Boehner & Pope FrancisPope Francis & John Boehner, Sept. 24.

Congress today is expected to pass a temporary budget as a means of keeping the government open through December.

Meanwhile, Republican leaders — House Speaker John Boehner, along with Senate Majority Leader Mitch McConnell — have initiated a series of budget meetings with the White House to set spending levels for the next two years.

For outgoing Boehner, the talks could be his swan song, a last chance to square a deal with the President before he steps away from the gavel in October.

The question now is not whether Boehner will come to an agreement with President Obama, but how the terms of these budgetary negotiations will resonate among the fractious Republican party that called for his ouster.
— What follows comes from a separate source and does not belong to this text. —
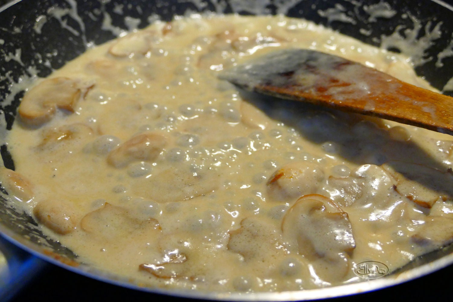 roomboter in de koekenpan en champignons even gaar bakken en dan de kook room erbij
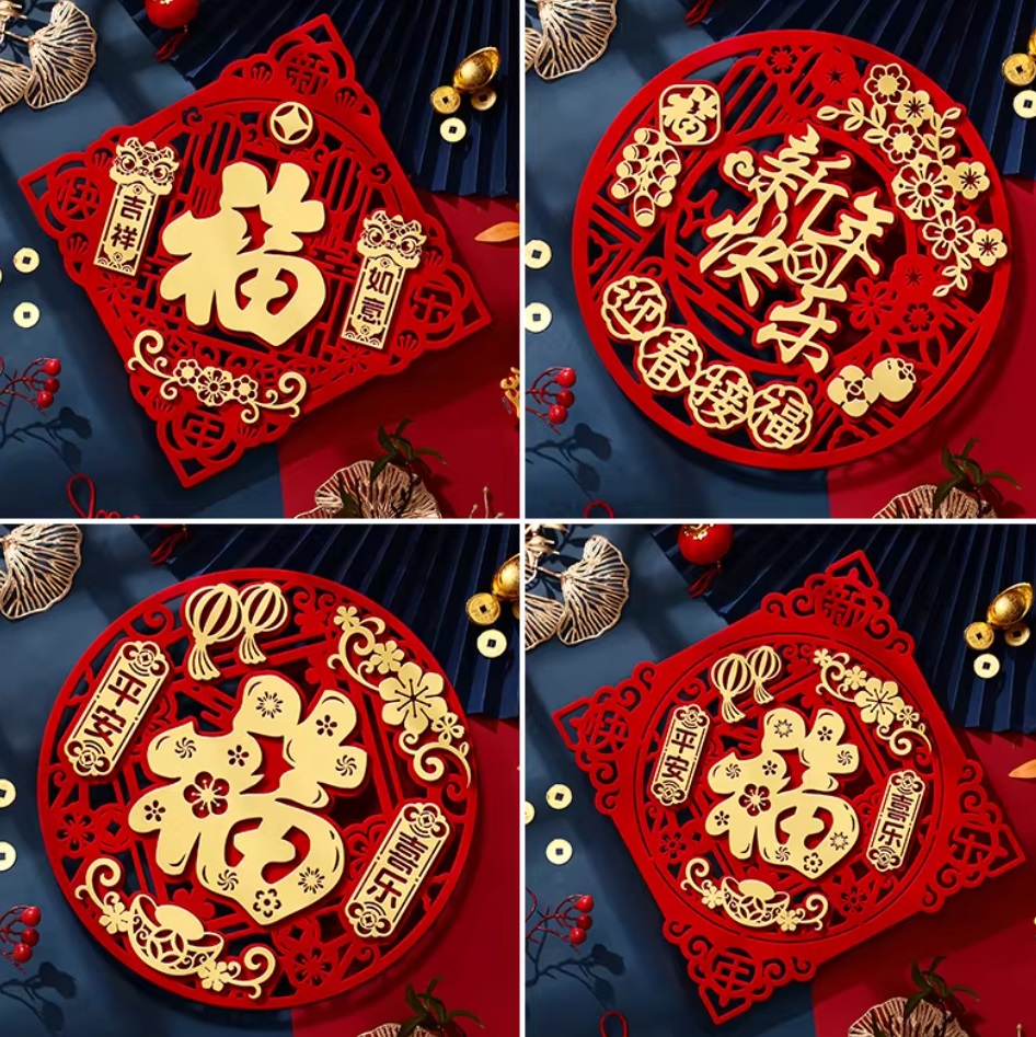 曦米 加厚型立体无纺布福字贴 带背胶 平安接财

Boehner, the victim of a recent bullying campaign within his own caucus, announced on Friday that he’d step down as Speaker of the House after three-dozen hard-line House Republicans pressured him to comply with their plans to defund Planned Parenthood as a key bargaining chip in their budget talks to keep the government open through October.

If Boehner didn’t comply with the Planned Parenthood cuts, they’d explore a procedural motion to remove him from the seat and call for the election of a new Speaker.
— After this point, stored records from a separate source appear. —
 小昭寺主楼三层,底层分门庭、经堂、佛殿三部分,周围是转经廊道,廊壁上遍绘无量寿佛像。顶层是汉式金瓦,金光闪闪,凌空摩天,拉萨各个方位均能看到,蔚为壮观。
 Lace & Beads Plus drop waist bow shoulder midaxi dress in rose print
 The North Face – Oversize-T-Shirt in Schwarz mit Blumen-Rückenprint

Call it a Pyrrhic victory. For the first time in nearly five years, lame duck Boehner now finds himself in a somewhat enviable position. The House Speaker controls what bills reach the floor, and now, with one foot out the door, he can do pretty much whatever he wants.

Boehner has never subscribed to the notion that Federal agency shutdown threats are a viable negotiating tactic, so a short-term funding of the government is pretty much certain, which means Planned Parenthood won’t be defunded (at least not this month). And with an exit date of Oct. 30, he similarly won’t suffer any consequences for his collaboration with the President to agree on a two-year budget deal, much to the chagrin of Tea Party-affiliated members of the House and other anti-establishment Republicans.

Boehner has nothing to lose at this point. Who knows, maybe this will be his chance to stick it to the members of his own party with whom he has found himself embattled for years. Political site The Hill yesterday posited that Boehner might use the opportunity to clear some "trickier issues from the docket"; in other words, to move on policy that would otherwise be blocked by Tea Party votes but in cases where he has Democratic support.

With this kind of freedom, and with an end to his personal role in the consistent GOP infighting now in sight, he might be asking himself why he didn’t resign a long time ago.